Graves dificultades crea esta platónica comunidad de bienes e igualdad de todos. En ninguna parte ha existido ciudad alguna que se rigiera por estas instituciones. Lo autores de la teoría igualitaria no nos explican cómo es posible llevarla a la práctica. Cosa distinta es aquella comunidad que practicó la primitiva Iglesia, pues se llevó a cabo para lograr la perfección y santidad: “Si quieres ser perfecto ve, vende lo que tienes y dalo a los pobres; y tendrás un tesoro en el cielo; y ven, y sígueme” enseña Cristo.

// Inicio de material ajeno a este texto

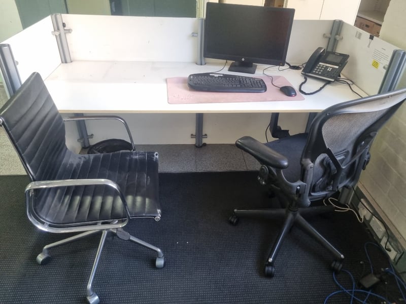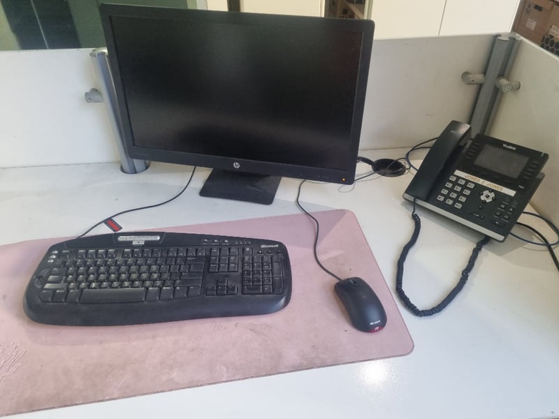 Office Equipment lot, includes 2 x office chairs, HP desktop and more.. Serial number: CNK74715HF Sold as lot Note: Items may be new, used, or untested, and their condition or functionality is not guaranteed.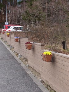 板塀に下げられたプランターのビオラたちもまた冬を越え、今こんもりと咲き誇ってキレイ。蝶も遊びに来はじめました。そして樹々の上の方では様々な野鳥が会話をしています。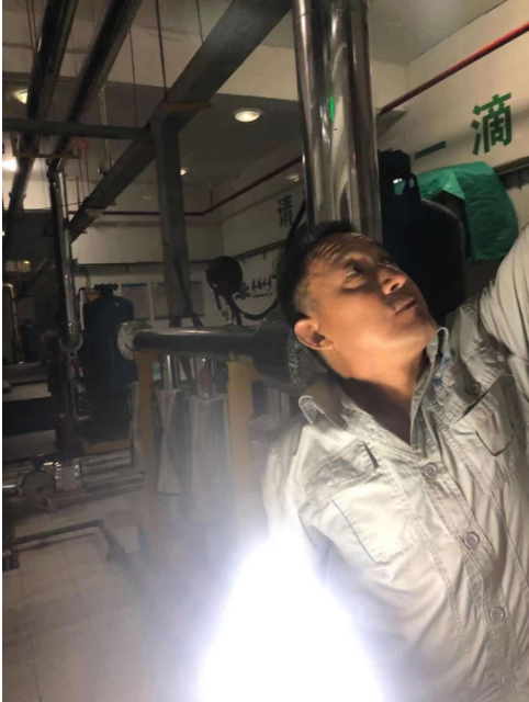 這一天戶表維修中心的王起老師來到了萬達豪景苑小區,這里樓內的地下室管道因自然損壞漏水,因管子在地下室上方,現場又沒有合適的施工材料,施工過程出現了些許障礙。為了抓緊解決樓上用戶用水的問題,王老師帶領施工隊伍,第一時間定好施工方案,領好材料,準備施工,由于管道懸空,采用打哈夫的施工方案,工人師傅們在悶熱的地下室內一氣呵成,完成了管道的修補。而這一忙就是一整天。
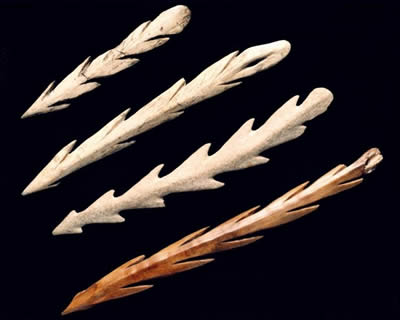 They are long rods of antler or bone with ‘barbs’ (points projecting backwards from the main point) down one or both sides.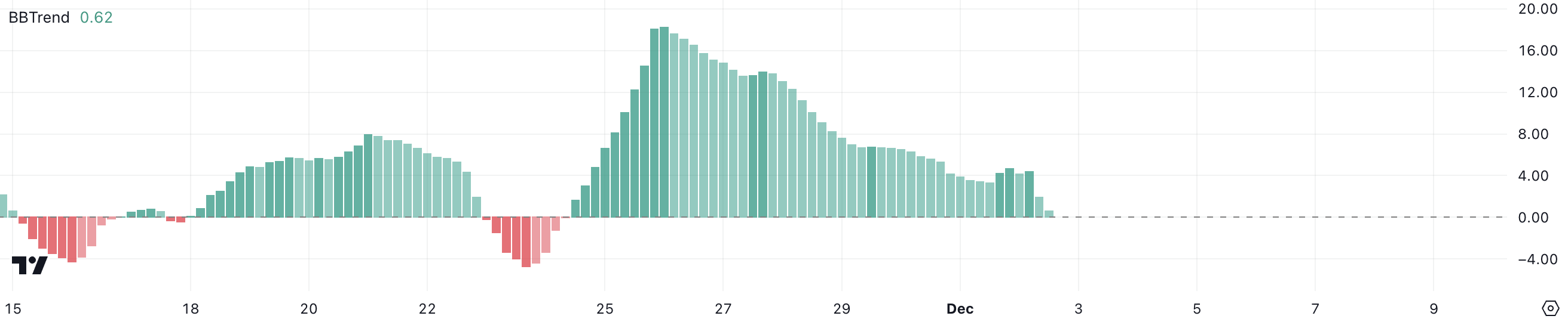 Индикатор Chainlink BBTrend (тренд по полосам Боллинджера) значительно ослаб, снизившись с максимума 18,2 26 ноября до 0,44 в настоящее время, но оставаясь на положительной территории с 25 ноября.

Vemos como esta tensión entre riqueza y pobreza, entre necesidad y salvación, entre bienes públicos y bienes privados no se resuelve según Peramás con la teoría “del todos por igual” sino a través de la asunción de la desigualdad natural entre los hombres donde los que más tienen más hacen el bien y más tienen que dar: “cuanto hicisteis a uno de estos mis hermanos más pequeños, a mi me los hicisteis”. En una palabra, la responsabilidad social y política del buen orden radica en el que más puede y tiene. De allí concluye José Peramás citando a San Agustín cuando define el buen orden político y social como: “la disposición de cosas iguales y desiguales según la cual se da a cada uno lo que le corresponde”.

Dejamos para otra ocasión hablar sobre el contenido de este libro que consiste primero en la exposición las tesis Platón sobre cada uno de los temas y, en segundo lugar, lo que se practicaba entre los guaraníes, dejando en libertad a lector para que saque sus conclusiones.

Cabe destacar que fue a instancias del P. Guillermo Furlong S.J. , el primero de los grandes estudiosos de la filosofía en época colonial, que se publicó en Buenos Aires en 1946, y por primera vez en lengua castellana, bajo el título de La República de Platón y los guaraníes, por la editorial Emecé.